Beijing reports heavy pollution as largest sandstorms of 2023 blanket northern China
Published: Mar 21, 2023 12:24 PM
Photo: Li Hao/GT

 Beijing reports high pollution levels on March 22, 2023 as the largest sandstorms of 2023 sweep across northern China from March 21, 2023. Photo: Li Hao/GT

As yellow sand fills the sky with an earthy smell, Beijing reported heavily reduced air quality on Wednesday amid the arrival of the largest sandstorms of 2023 sweeping across northern China from Tuesday. 

The forecast sandstorms entered Beijing early on Wednesday morning at high speed from Mongolia and North China's Inner Mongolia Autonomous Region with the maximum covering area at nearly 1 million square kilometers, with the PM 10 surpassing 1,400 microgram per cubic meter across the whole city at 8am, according to the Beijing Ecological and Environmental Monitoring Center.

The Beijing Meteorological Bureau on Wednesday issue alerts for sandstorms and high winds, reminding people to be aware of possible falling objects. The sandstorm is predicted ease after noon and before dying off in the evening.

People could even see a "blue sun" in the dim Beijing sky on Wednesday morning. Experts explained that it is the dusty weather that changes the composition of the particles in the air.

The particles absorb longer wavelengths of red light, while didn't affect the shorter wavelengths of blue light, which gives the sun a blue tinge, experts noted

Affected by cold air, sandstorms and high winds will sweep eastward across the north and northeast parts of China from Tuesday, likely to cause the most severe sandstorm weather to hit China in 2023, said China's top meteorological authority on Tuesday morning. 

Photo: Li Hao/GT

Photo: Li Hao/GT

China's National Meteorological Center (NMC) issued a third-level yellow sandstorm warning in more than 10 provinces, saying that the weather will be sandy and dusty across Tuesday to Wednesday in the south part of Northwest China's Xinjiang Uygur Autonomous Region, as well as in the northweat part of China including Qinghai, Gansu, Ningxia, Inner Mongolia, Shanxi, Hebei, Beijing, Tianjin, Heilongjiang, Liaoning and Jilin. 

NMC's chief forecaster Zhang Tao said the dusty weather formed because the frequent cold air systems and high winds carrying sand from Mongolia, China's Inner Mongolia Autonomous Region and Gansu Province where the ground loosened due to sunshine as the temperatures rose in spring.

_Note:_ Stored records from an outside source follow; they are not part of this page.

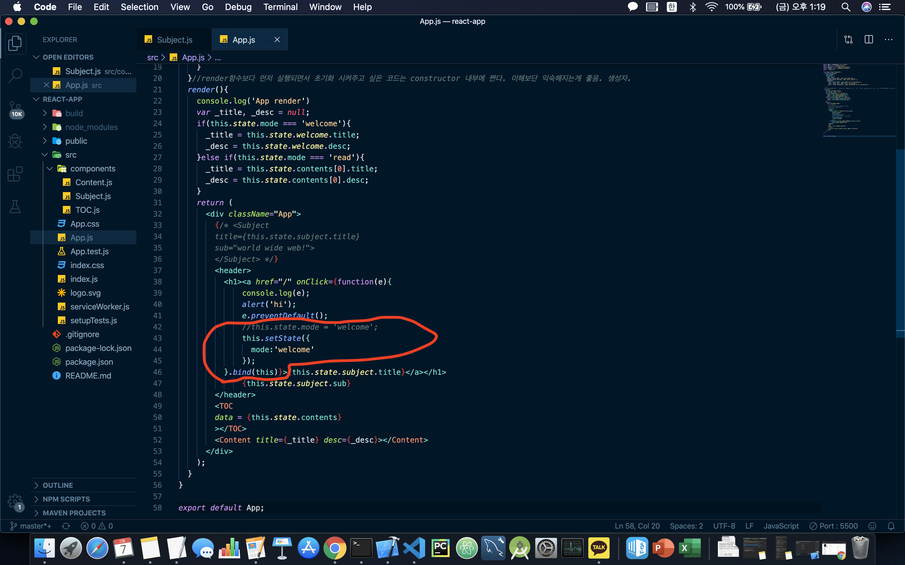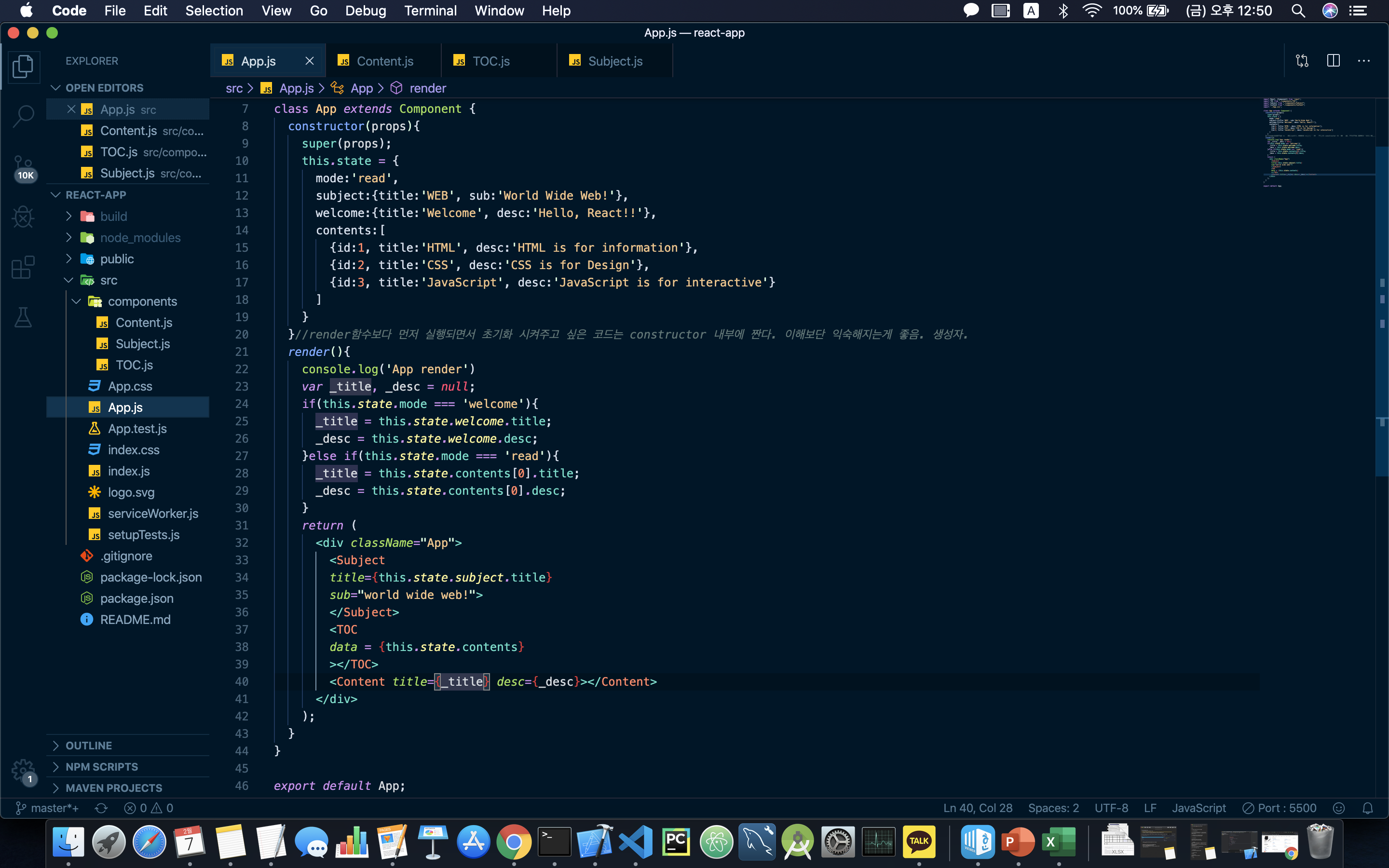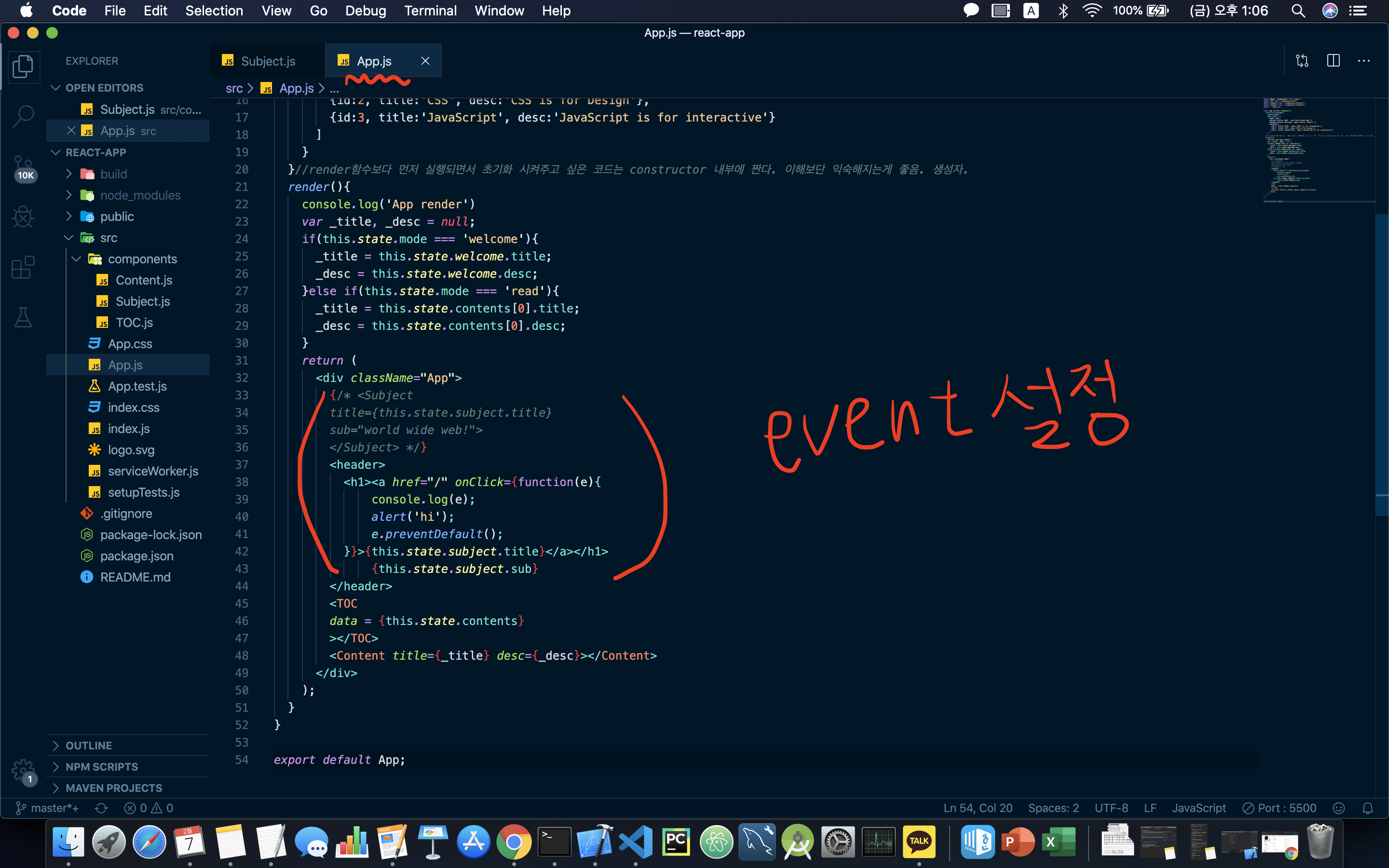 - Subject.js에서 하는 것은 복잡하기 때문에 App.js로 코드를 직접 써준다음 설치해보겠다.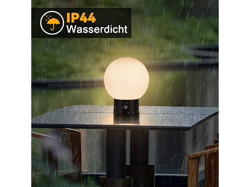 NETTLIFE lampe de table LED sans fil rechargeable – lampe tactile USB, verre blanc, dimmable 3000K–6500K, IP44, chambre & cuisine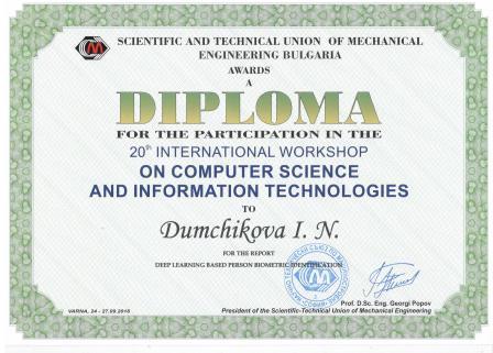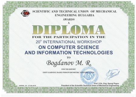 С 24 по 27 сентября в городе Варна, Болгария проходила конференция по компьютерным технологиям (The 20-th International workshop on computer science and information technologies), проводимая Советом инженеров-механиков Болгарии (Scientific and technical union of mechanical engineering Bulgaria) и факультетом информатики и робототехники УГАТУ. Доцент кафедры прикладной информатики БГПУ им.М.Акмуллы Богданов М.Р. и магистрант Думчикова И.Н. представили работу по биометрической идентификации личности (Deep learning based person biometric identification), которая была опубликована в сборнике материалов конференции и международном журнале Industry 4.0.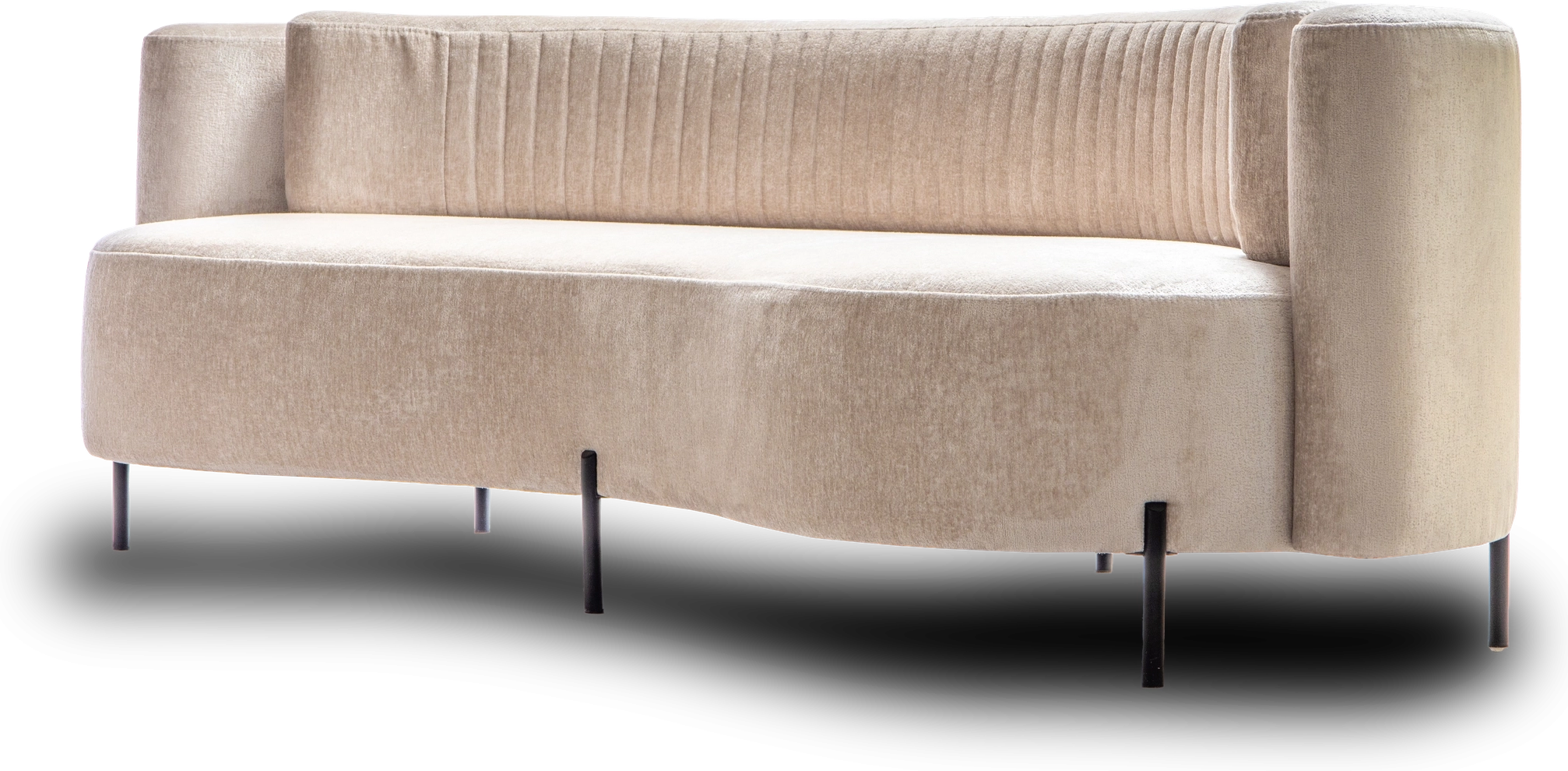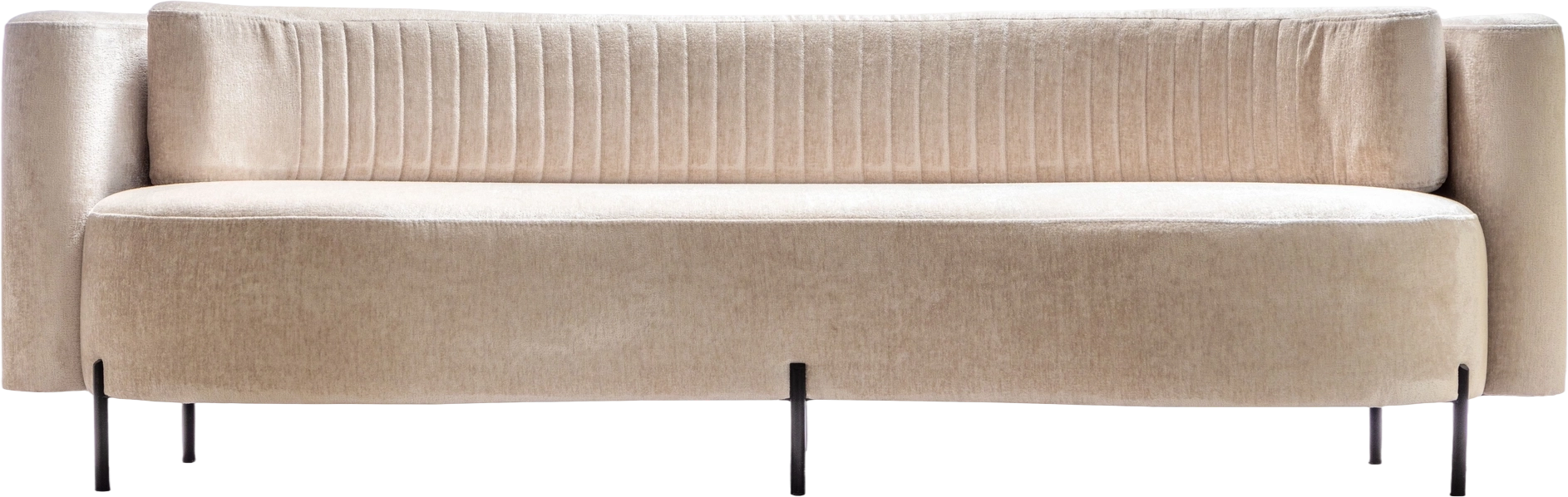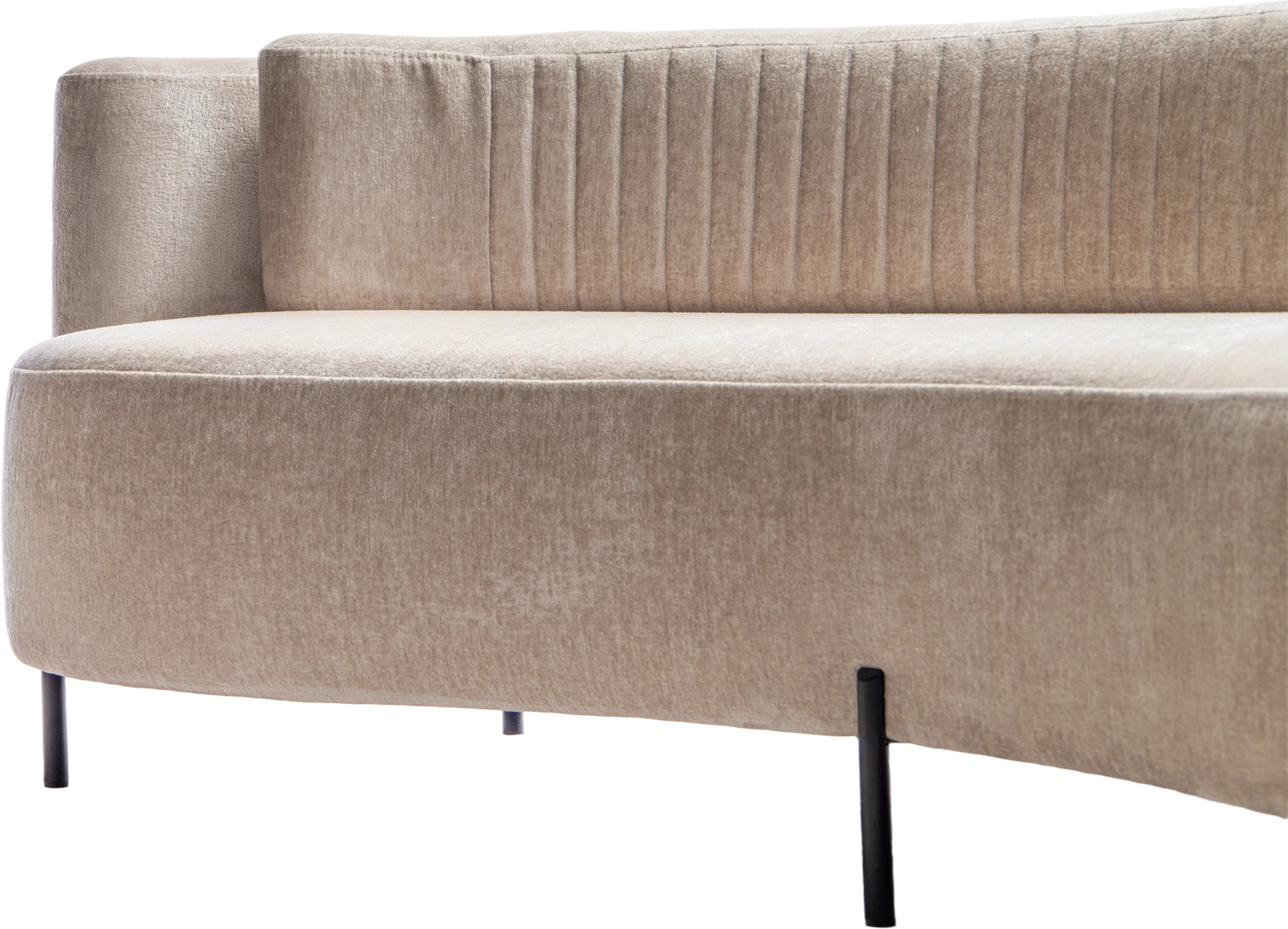Диван Нэнси стоит на высоких черных ножках, которые не только добавляют ему легкости, но и подчеркивают его изысканный дизайн. Красивое лекало обивки создает эффектный акцент, привнося в пространство нотки шарма и индивидуальности.

As this latest sandstorm is the third and to date the largest one to hit the Beijing-Tianjin-Hebei region, meteorological analyst Zhang Juan from the China Weather Network explained the increase in blowing sand and dust this year, saying that most of China's northern parts have seen little rainfall since March and there is no snow cover across Mongolia and China's northwest region due to higher temperatures.

"This means once the cold air arrives, sand is picked up in these regions and forms into sandstorms," Zhang Juan said.

Besides the sandstorms in northern China, cold air also caused the largest scale of strong convective weather in Southern China in this year as it travels southwards. From Tuesday to Thursday, East China's Zhejiang, Jiangxi, Fujian provinces and South China's Guangdong Province may suffer from heavy rain, high winds, thunderstorms and hail.